Serotonin (5-HT) decreases the amiloride-sensitive fraction of the short-circuit current (Isc) across rat distal lung epithelial cell monolayers. (A) 5-HT induces a rapid decrease in the Isc across primary cultures of polarized rat alveolar epithelial type II (ATII) cell monolayers. Rat ATII cell monolayers cultured at an air–liquid interface for 4 days were placed in Ussing chambers and exposed to 5-HT (4 mM), then to amiloride (10 μM). Exposure to amiloride further decreased the Isc across rat ATII cell monolayers. One representative of four experiments is shown. Open squares represent averaged tranepithelial resistances (±SD) before and after 5-HT treatment. The transepithelial resistance scale is displayed on the left. (B) Pretreatment with amiloride abolishes the 5-HT–induced decrease in Isc across primary cultures of polarized rat ATII cell monolayers. Rat ATII cell monolayers cultured at an air–liquid interface for 4 days were placed in Ussing chambers and exposed to amiloride (10 μM), then 5-HT (4 mM). Exposure to 5-HT (4 mM) did not further inhibit the Isc. In all experiments, the effect of 5-HT was reversible. All the experiments were performed at 37°C under symmetrical conditions with saline solution (140 mM NaCl, 4 mM KCl, 1 mM MgCl₂, 1 mM CaCl₂, 10 mM Hepes, and 15 mM glucose [pH = 7.3, adjusted with NaOH]). The EasyMount system, from Physiological Instruments, Inc. (San Diego, CA) was used for all experiments. The voltage was clamped at 0 mV during the whole experiments. One representative experiment is shown. For all experiments, histogram data are the means (±SD) of four experiments done in triplicate; *P < 0.05. NS, not significant; TER, transepithelial electrical resistance.

Figure 2.

5-HT induces a dose-dependent decrease in TEC across primary cultures of polarized rat ATII cell monolayers. Rat ATII cell monolayers cultured at an air–liquid interface for 4 days were exposed to 5-HT (250 μM−38 mM).

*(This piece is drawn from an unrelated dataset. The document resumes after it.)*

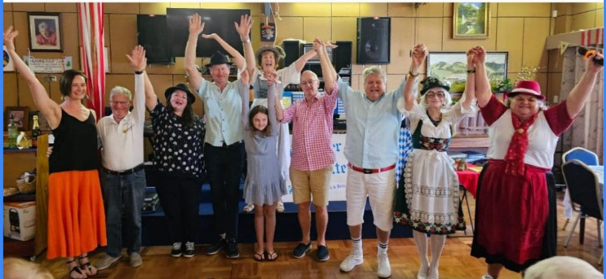
Oktoberfest – Festival in Oktober - 01/10/2023

All experiments were performed under symmetric conditions with saline solution (140 mM NaCl, 4 mM KCl, 1 mM MgCl₂, 1 mM CaCl₂, 10 mM Hepes, and 15 mM glucose [pH = 7.3, adjusted with NaOH]). The EasyMount system from was used for all experiments. The voltage was clamped at 0 mV during the whole experiments. The polynomial regression provided an IC₅₀ (half maximal inhibitory concentration) of 7.6 mM and a Hill coefficient of 0.96 (Microcal Origin Software 5.0; Origin Laboratories, Northampton, MA). Curve fitting was performed with a logistic Hill regression. Each point represents the mean of at least three experiments (±SD).

Figure 3.

5-HT reversibly inhibits the amiloride-sensitive current in Xenopus oocytes expressing rat αβγ epithelial sodium channel (ENaC). (A) 5-HT induces a rapid decrease of inward current in Xenopus oocytes expressing rat αβγENaC. The sodium current sensitive to 10 μM amiloride was measured at −60 mV holding potential before and during exposure to 4 mM 5-HT. This representative experiment also shows the reversibility of 5-HT–induced current inhibition. No effect of 4 mM 5-HT could be detected in noninjected oocytes (n = 5). (B) 5-HT induces a dose-dependent decrease of inward current in Xenopus oocytes expressing rat αβγENaC. This representative experiment was performed with increasing 5-HT doses (0.25, 0.5, 1, 2, and 4 mM). (C) 5-HT induces a dose-dependent decrease of inward current in Xenopus oocytes expressing rat αβγENaC. Mean values of amiloride-sensitive sodium current measured before and after perfusion with 0.25, 0.5, 1, 2, or 4 mM 5-HT are shown (n = 26, 15, 25, 20, 14, and 26, respectively). For all experiments, histogram data are the means (±SD); *P < 0.05 from control animals.

Figure 4.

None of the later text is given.